The reasonable margin provisions will be added in the revised Minister of Energy and Mineral Resources Regulation No. 19 of 2009 concerning Natural Gas Business Activities through Pipelines which regulates the determination of the selling price of gas.

"If the risk is high, it can be higher, if it is low, it can be lower. The average margin is 12%, "he said.

In addition, the government prioritizes the fertilizer and petrochemical industries to obtain gas prices which are cheaper than other industries because of their gas demand and more than 50%. He acknowledged that efforts to cut gas prices for industries are very complex. Because in addition to adjusting the price of the contract that was signed, he also had to list the types of industries entitled to get gas price discounts.

From the Ministry of Industry data, the fertilizer industry has a gas price composition in the production cost of 70%, the petrochemical industry 70%, the pulp and paper industry 8% -32%, the steel industry and other metal products 70%, the ceramic industry 20%, the glass industry and bottles 25%, the food, and beverage industry 10% -25%, the tire, and rubber gloves industry 7% -10%, the oleochemical industry 15% -25% and the textile and footwear industry 8% - 32%.

"We see which cases can take precedence, for example, fertilizer. Fertilizer, we prioritize petrochemicals to cut gas prices, because they really need it. "

Head of the Regulatory Agency for Upstream Oil and Gas (BPH Migas) Andy Noorsaman Sommeng said the decline in gas prices will not have a significant impact on industries whose gas consumption levels are relatively small.

According to him, the government can consider added value such as industries that have high competitiveness. For example, he said, the rubber glove industry could have a discount on gas prices as long as it has a good international report card.

Director of PT Perusahaan Gas Negara (Persero) Tbk.

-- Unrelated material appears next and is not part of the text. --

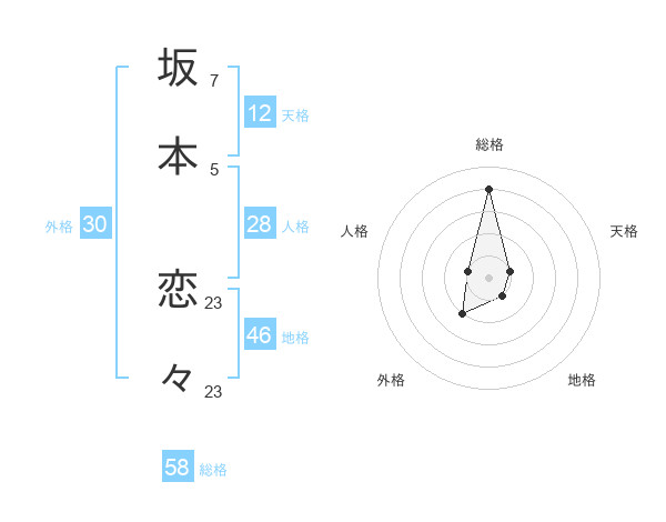 坂本 恋々さんを姓名の画数から五運を鑑定

Danny Praditya said, the company supports the government's move related to the implementation of margins or regulated margins for gas trading business entities.

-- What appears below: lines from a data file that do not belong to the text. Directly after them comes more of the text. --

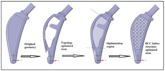 From the authors’ perspective, reviewing the literature related to the biomaterials shows that most studies discuss Ti and its alloys in making medical implants, such as in [,]. While few studies discuss structural defects in AM implants, such as in [,], and for design methodologies for implant AM, there are very few researchers studying the topology optimization of implants [,]. However, there are relevant studies available related to the involvement of AM for making implants using Ti and alloys [,].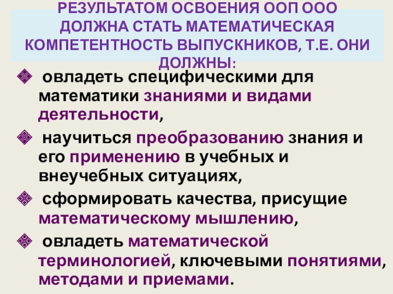 овладеть специфическими для математики знаниями и видами деятельности,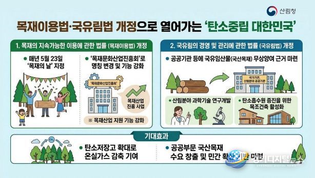 이번 법률 개정은 목재산업·문화 확산을 위한 정책을 강화하고, 국산 목재 수요 창출 효과를 이끌어 탄소저장고를 확대하고 국가 온실가스 감축목표에 기여할 것으로 기대된다.

"As a national gas management SOE, support government initiatives to optimize the use of natural gas for the industrial sector."

He hopes that all parties see proportionally and valid data related to gas prices. The impact of the economic slowdown, according to him, will also affect the volume of gas sales in the second semester of 2016. In the first semester of 2016, the volume of gas distributed was 796 MMscfd through distribution and 816 MMSCFD through transmission pipelines. The use of gas as fuel has made micro, small and medium enterprises (MSMEs) more efficient.